News organizations will face an important decision when the polls close Tuesday night in New Jersey.

If all goes as expected and Hillary Clinton wins even close to a majority of the 126 delegates up for grabs, journalists will make a choice, more or less, between two possible headlines:

  • Clinton Clinches Nomination
  • Clinton Wins New Jersey

There’s no question that headline No. 1 makes the bigger splash. There’s also no question, at least in my mind, that journalists should go with something closer to headline No. 2.

The argument for No. 1 goes like this: With 2,383 delegates needed for the nomination, New Jersey’s delegates will likely put Clinton over the top as long as you count the 548 superdelegates who have committed to support her.

My argument for headline No. 2 (or something more nuanced shy of No. 1) goes like this: Since those 548 superdelegates won’t actually cast their votes until the convention in July, it’s premature for journalists to act as if they have, in fact, already voted.

Clinton’s current overwhelming support among superdelegates (Sanders has commitments from only 46 of them) should by all means be part of Tuesday night’s story. But it should not be used to support declarations like Clinton clinching, crossing the threshold or any other lingo suggesting it’s all over.

The social media debate on the headline question has been vigorous, fueled in part by claims of media bias for and against both candidates.

I base my argument on a non-partisan journalistic principle: Report what you know.

Chris Matthews touched off the debate on his Hardball show May 23 with this comment to Sanders campaign manager Jeff Weaver:

I’m told by the experts on numbers around here at NBC and elsewhere that come June 7 the day of the California primary…at 8 o'clock that night, Eastern Time, the networks will be prepared — including this one — to announce that Hillary Clinton has now gotten over the top, that she will have won the nomination in numbers. It’s done.

Matthews asked Weaver whether such a declaration hours before the polls close that night in California and other western states would depress turnout more among Sanders supporters or those backing Hillary Clinton.

“It will depress turnout on both sides,” Weaver answered. “Whenever there’s no contest you get depressed turnout.” (That reality has prompted Congress to debate uniform poll closings for years without resolution.)

You’d expect Weaver to object to what Matthews characterized as network plans to award the nomination to Clinton. But his point is worth considering without regard to his role in Sanders’ camp.

As he argued that declaring Clinton the presumptive nominee would be “an inaccurate description of the state of the race,” Matthews interjected: “So the networks will be wrong?”

“Yes,” Weaver responded. “All we have from superdelegates is essentially a poll.”

If you’re anything like me and have failed to keep track of exactly how the Democratic Party apportions delegates and superdelegates, here’s a primer drawn from a Feb. 26 Washington Post story by D. Stephen Voss:

The Democratic Party allocated 4,763 delegate slots for its 2016 national convention…Voters select more than 4,000 of those delegates, choosing them in state primaries and caucuses according to which candidates the delegates pledged to support.

But the remaining 15 percent of the delegate seats, or 712 in total, were set aside for Democrats identified by the positions they hold (or used to hold) within the party...

These so-called superdelegates are not required to support a particular candidate. They may ignore voters’ preferences if they wish. Instead, they select a candidate using their own judgment, a choice they may (or may not) signal in advance by issuing an endorsement.

In a piece published May 24, Harry Enten of FiveThirtyEight noted that his organization has refrained from including superdelegates in its tracker because delegates could still change their minds — especially if Sanders were to win a majority of elected delegates. With that scenario now a virtual impossibility, he suggested that Tuesday night might be the time to assume Clinton will hold onto enough superdelegates “to clinch the nomination."

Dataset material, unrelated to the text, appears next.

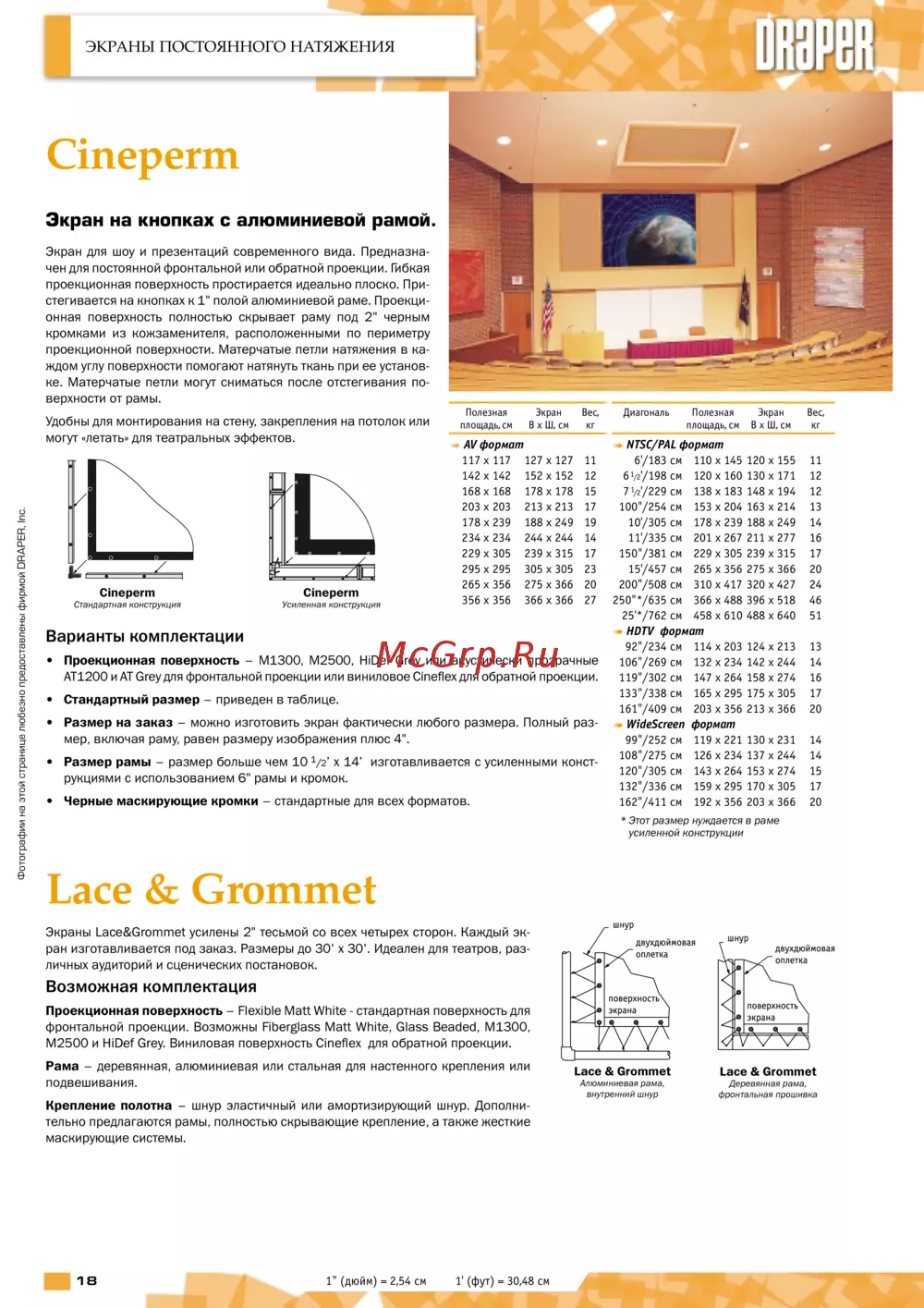 Экраны Lace&Grommet усилены 2" тесьмой со всех четырех сторон. Каждый эк-

Since when should journalists be drawing conclusions based on assumptions?  

Sanders supporters offer a variety of scenarios that might swing superdelegate support their way: More damning revelations about Clinton’s email problems, polls showing Sanders as a stronger candidate against presumptive Republican nominee Donald Trump, etc.

Clinton backers have as many rebuttals as the Sanders people have scenarios, of course. Neither am I discounting how stunning it would be if the superdelegates — the very embodiment of the Democratic Party establishment — were to end up handing the nomination to the most anti-establishment candidate in years.

Almost as stunning as an outrageous outlier like Donald Trump winning the Republican nomination.

Here’s the real question that journalists need to humble themselves and ask Tuesday night: Who knows what might happen between now and July 25 when the Democratic National Convention opens in Philadelphia?

Especially in an election year like this one, the answer is clear: Nobody knows!

As more and more campaign coverage devolves into unknowable guesswork — speculation about the horserace — journalistic principles like reporting what you actually know have faded into the background.